--- SOURCE RECORDS ---

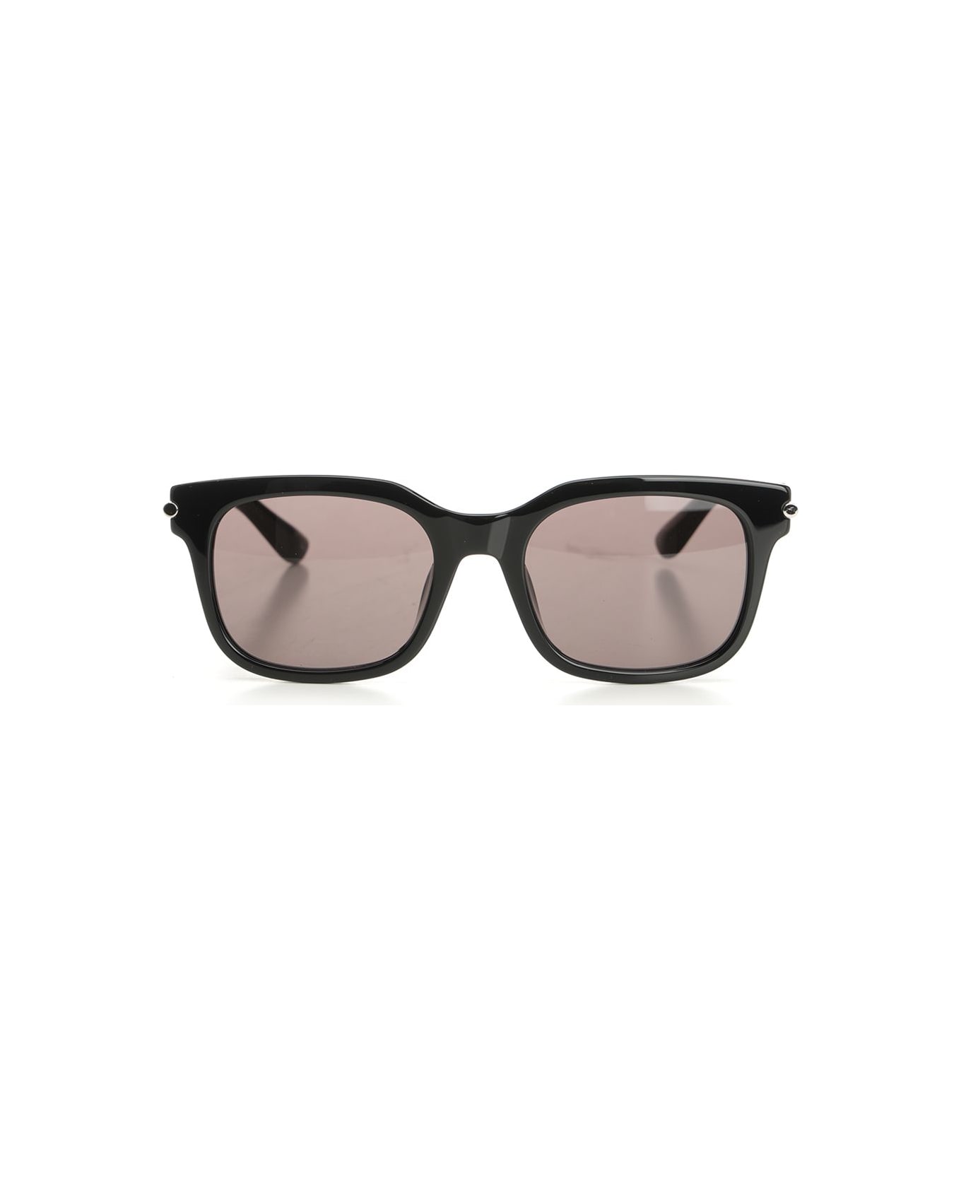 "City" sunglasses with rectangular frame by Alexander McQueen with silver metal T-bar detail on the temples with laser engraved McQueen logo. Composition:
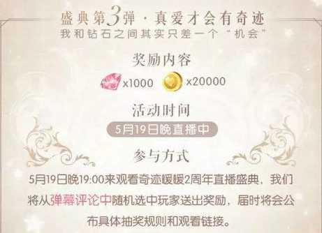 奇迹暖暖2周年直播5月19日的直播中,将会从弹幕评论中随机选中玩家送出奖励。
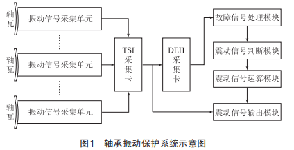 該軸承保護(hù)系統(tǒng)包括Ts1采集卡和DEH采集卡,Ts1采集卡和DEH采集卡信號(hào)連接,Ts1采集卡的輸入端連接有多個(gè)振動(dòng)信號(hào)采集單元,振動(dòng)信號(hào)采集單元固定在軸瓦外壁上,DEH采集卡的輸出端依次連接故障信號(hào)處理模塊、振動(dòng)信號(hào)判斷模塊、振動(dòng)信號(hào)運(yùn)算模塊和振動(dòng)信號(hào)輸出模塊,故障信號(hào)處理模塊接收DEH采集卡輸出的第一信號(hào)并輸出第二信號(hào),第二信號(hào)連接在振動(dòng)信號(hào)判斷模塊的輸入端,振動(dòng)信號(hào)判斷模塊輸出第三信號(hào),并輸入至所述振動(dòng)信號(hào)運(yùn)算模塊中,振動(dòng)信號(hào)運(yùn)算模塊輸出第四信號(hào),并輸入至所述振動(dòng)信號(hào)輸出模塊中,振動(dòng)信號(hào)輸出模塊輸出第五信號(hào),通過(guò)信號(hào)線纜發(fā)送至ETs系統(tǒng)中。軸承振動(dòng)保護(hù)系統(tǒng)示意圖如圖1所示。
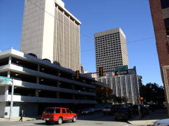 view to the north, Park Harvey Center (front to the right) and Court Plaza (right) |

---
--- SOURCE RECORDS ---

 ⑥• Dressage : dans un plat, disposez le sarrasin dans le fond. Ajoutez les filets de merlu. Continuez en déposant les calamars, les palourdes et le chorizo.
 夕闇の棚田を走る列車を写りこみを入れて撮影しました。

---
--- SOURCE RECORDS ---

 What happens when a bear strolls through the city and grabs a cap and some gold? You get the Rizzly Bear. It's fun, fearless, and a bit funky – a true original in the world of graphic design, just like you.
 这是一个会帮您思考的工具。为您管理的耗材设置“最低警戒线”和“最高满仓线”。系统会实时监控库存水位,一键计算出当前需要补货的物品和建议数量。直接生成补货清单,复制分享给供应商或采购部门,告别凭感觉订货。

---

TASK STATEMENT
Copy out, exactly and alone, the lines of the entries above between the ones holding "⑥• Dressage : dans" and "夕闇の棚田を走る列車を写りこみを入れて撮影しました。", inclusive.

OUTPUT OF THE EXERCISE
 ⑥• Dressage : dans un plat, disposez le sarrasin dans le fond. Ajoutez les filets de merlu. Continuez en déposant les calamars, les palourdes et le chorizo.
 夕闇の棚田を走る列車を写りこみを入れて撮影しました。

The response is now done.